HR 884: To prohibit individuals who are not citizens of the United States from voting in elections in the District of Columbia and to repeal the Local Resident Voting Rights Amendment Act of 2022.
HR 884 in plain English: This bill would ban non-U.S. citizens from voting in any District of Columbia election and repeal a 2022 DC law that allowed noncitizens meeting certain residency requirements to vote in local DC elections. The DC law, which took effect on February 23, 2023, had permitted noncitizen local voting beyond the existing federal prohibition on noncitizen voting in federal elections.
Stated purpose
This bill aims to prohibit non-U.S. citizens from voting in any District of Columbia election and to repeal the DC law that had allowed noncitizen residents to vote in local DC elections.
Key points
- Prohibits non-U.S. citizens from voting in any DC election, local or federal
- Repeals DC's Local Resident Voting Rights Amendment Act of 2022, which took effect February 23, 2023
- Federal law already bans noncitizens from voting in federal elections; this bill extends that ban to DC local elections
Arguments supporters make
- Voting is a right tied to citizenship, and elections — even local ones — should reflect the will of American citizens, not foreign nationals.

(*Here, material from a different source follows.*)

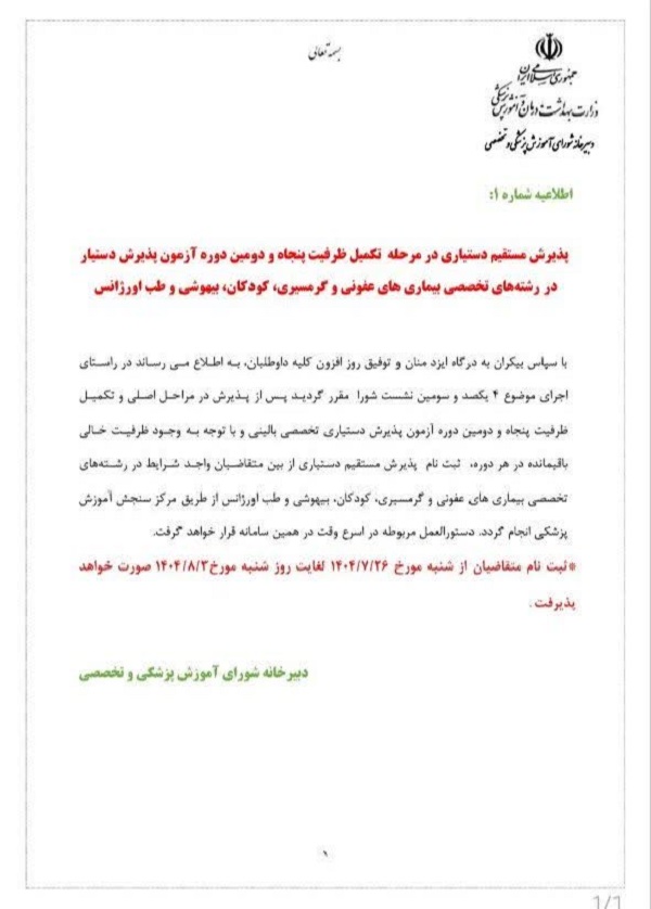 پذیرش مستقیم دستیاری در مرحله تکمیل ظرفیت پذیرش مستقیم دستیاری در مرحله تکمیل ظرفیت پنجاه و دومین دوره آزمون پذیرش دستیار در رشته های تخصصی بیماریهای عفونی، کودکان، بیهوشی و طب اورژانس به اطلاع می رساند: در راستای اجرای موضوع 4 یکصد و سومین نشست شورا مقرر گردید پس از پذیرش در مرحله اصلی و تکمیل ظرفیت پنجاه و دومین دوره آزمون پذیرش دستیاری تخصصی بالینی و با توجه به وجود ظرفیت خالی باقیمانده در هردوره ، ثبت نام پذیرش مستقیم دستیاری از بین متقاضیان واجد شرایط در رشته های تخصصی بیماریهای عفونی ، کودکان، بیهوشی وطب اورژانس از طریق مرکز سنجش پزشکی انجام گردد.دستورالعمل مربوطه در اسرع وقت در اطلاعیه بعدی در همین سامانه قرارخواهد گرفت. ** ثبت نام متقاضیان از شنبه مورخ 26 مهر ماه لغایت روز شنبه مورخ 3 آبان ماه سال 1404 صورت خواهد پذیرفت.

- Congress has a constitutional responsibility to oversee DC, and ensuring only citizens vote there aligns DC with the standard that applies in all 50 states.
- Allowing noncitizens to vote, even locally, blurs an important legal and civic distinction between residents and citizens.
Arguments opponents make
- DC residents — including noncitizens — pay local taxes and are directly affected by local laws, so denying them any vote in local matters means taxation without representation.
- DC voters and their locally elected government chose this policy for themselves, and Congress overriding it undermines DC's limited self-governance.
- Many democracies and some U.S. localities allow noncitizen voting in local elections without problems, suggesting it is a reasonable policy choice communities should decide for themselves.
Tradeoffs
Restricting voting to citizens maintains a uniform national standard for who may participate in elections, but it removes from local democratic participation a group of people who live, work, and pay taxes in DC and are directly governed by its local laws.
Current status in Congress: Passed House.